1人、2人、なんとか抜く事には成功したが、まだ満足は出来ない。
春野さんに教えるんだ。貴女の分まで走り切ったことを。
あともう少し。届け、届いてく――【ケイちゃんなら大丈夫】……れ?
【いつも、私に見せてくれたもんね】
今の、声は。
「ッ……穂乃花、あとは頼むぞ!」
最後の踏ん張りでトップに立ち、目の前にいるアンカーにバトンを渡す。
悪いがこれ以上は走れない。これが、俺の精一杯なのである。
「任せて! 絶対に逃げ切るから!」
頼もしい事この上ない彼女の笑顔を見届けて、俺は白線の外に出た。
肩で息をしながら、すでに走り終わった仲間たちの元へ歩いていく。
「げほっ…………はぁ」
さっき聞こえた声は、誰のものだったんだ? 俺にはそれが、分からない。
呼び方は櫻野か穂乃花。

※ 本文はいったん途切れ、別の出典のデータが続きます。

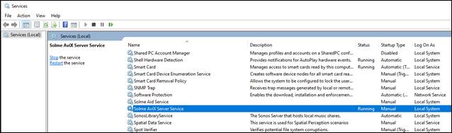 Open Windows Services manager. Locate the "Solme AviX Server Service":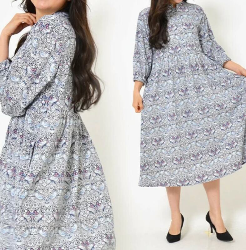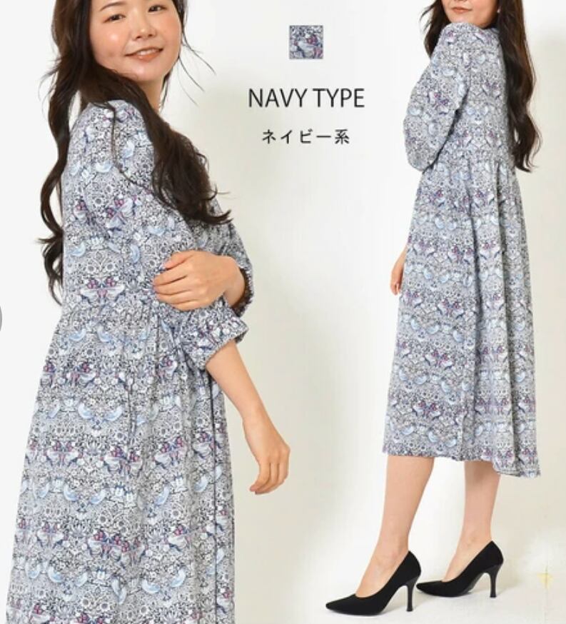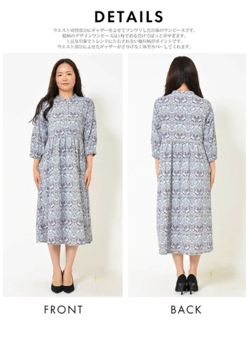 ウエスト切替部分にギャザーをよせて、ふんわりした印象のワンピースです。さりげなく体型をカバーしてくれます。

しかし、その声色に聞き覚えはなかった。
でもまあ、今はそれよりも、こっちの方が重要であることは間違いないな。
「――穂乃花! 頑張れよ!」
***
「……いよいよ結果発表ね」
「ああ、そうだな千代」
朝礼台を前にしながら、全校生徒が立ち並ぶ。
開幕を宣言したときと同じように、その台の上には生徒会長が立っていた。
「みんなのお陰で、本当に素晴らしい体育祭になりました」
「特に、最後のリレーは3つとも過去最高と言ってもいいだろう!」
相変わらずとても声が大きい。というか、初対面と比べて性格が違い過ぎる。
まあ最初は可憐に指示されて不良のフリをしていたので当然と言えば当然だが。
それにしても、ここまでの熱血漢だとは。演劇部でもいけそうじゃないかね?
「ということで、体育祭を締めくくる順位の発表を行います!」
さあ、来たか。
「まずは三年生。総合1位だったのは…………A組の皆!」
納得過ぎて言う事がない。主に城花先輩の無双があったからだとは思う。
勿論他の諸先輩方も凄かったのだが、流石にアレ相手は勝てない。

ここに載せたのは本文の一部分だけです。